The use of dynamic vs aggregated functions
October 3rd, 2007 at 1:00 pm by JasperAn eyeopener for me when constructing sql queries in a complex environment was the use of analytic functions. As appose to aggregated functions, you can use more analytic functions on one table instead of constructing multiple inline views to accomplish “the same”.

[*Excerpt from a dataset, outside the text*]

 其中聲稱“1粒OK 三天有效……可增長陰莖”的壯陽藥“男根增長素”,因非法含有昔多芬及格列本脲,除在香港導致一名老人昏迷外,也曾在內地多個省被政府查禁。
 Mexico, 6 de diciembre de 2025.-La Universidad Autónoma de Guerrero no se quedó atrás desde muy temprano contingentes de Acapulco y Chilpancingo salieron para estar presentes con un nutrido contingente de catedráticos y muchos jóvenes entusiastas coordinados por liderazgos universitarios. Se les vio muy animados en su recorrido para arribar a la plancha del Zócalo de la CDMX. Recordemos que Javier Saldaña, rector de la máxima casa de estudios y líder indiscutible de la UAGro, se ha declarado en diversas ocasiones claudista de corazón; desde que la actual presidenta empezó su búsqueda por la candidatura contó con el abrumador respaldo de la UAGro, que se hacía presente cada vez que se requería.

For those of you who like to see examples:
select job_id
, sum(salary)
from employees
group by job_id;
has the same result as:
select distinct job_id
, sum(salary) over (partition by job_id)
from employees;
But using the second query you could also add for example, the avarage salary per job:
select distinct job_id
, sum(salary) over (partition by job_id)
, avg(salary) over (partition by job_id)
from employees;
If I would want this result using an aggregated function, I would have to use a inline views, like this:
select s.job_id, s.ssal, a.asal
from ( select job_id, sum(salary) ssal
from employees
group by job_id
) s
, ( select job_id, avg(salary) asal
from employees
group by job_id
) a
where s.job_id = a.job_id
order by s.job_id
;
So that makes the code much more readable. Advantage number one…
But also, something that can’t be accomplished using aggregated functions, is selecting other data besides the grouped data from the table. Such as:
select job_id
, first_name
, sum(salary) over (partition by job_id) ssal
, avg(salary) over (partition by job_id) asal
from employees
order by job_id
;
Now I can make much better use of this data, and it’s less code!

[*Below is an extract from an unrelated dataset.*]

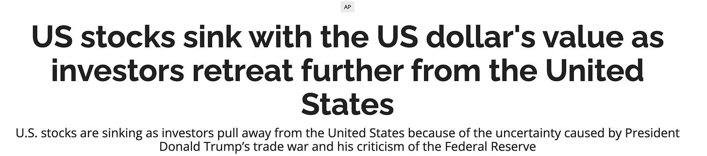Behind the bravado, Trump’s sweating bullets. Insiders say he’s been grilling aides about whether his tariffs could tank the economy into a Great Depression redux. “Ruinous,” he calls it, haunted by visions of breadlines and stock market crashes. Publicly, he’s still strutting like a peacock, but privately? The guy’s losing it, fully aware his trade war’s blowing up in his face. The U.S. dollar’s down 6% this year, Wall Street’s a mess, and there’s a “triple sell-off”—stocks, bonds, and the dollar all cratering together. That’s not a hiccup; that’s a heart attack.

Sort of automatically I figured that using analytic functions would also be quicker. Because after all, we would only have to do a full table scan once. But I found myself to be greatly mistaken when I checked the explain plans of two different statements, one using aggregated and one using analytic functions. Explain plan for the query above using aggregated function vs the analytic functions shows that the aggregated function has much better performance.
So by using analytic functions on large sets of data… causes some performance difficulties. So using aggregated functions would be better here?
I started searching the net for explanations. Discovering first of all, that analytic functions should not be used to aggregate. Because when you aggregate you return only the aggregated rows. By using a distinct in the query’s above using the analytic functions, you get the same result, but for every row that is selected, the analytic function is added. So logically this is costing us performance.
I discovered this by reading an article on asktom.com. So I guess I should always ask myself the question: do I want to analyse or aggregate?…
Other articles show that the use of analytic of aggregated functions is all up to you. What’s your gain? What’s your personal preference?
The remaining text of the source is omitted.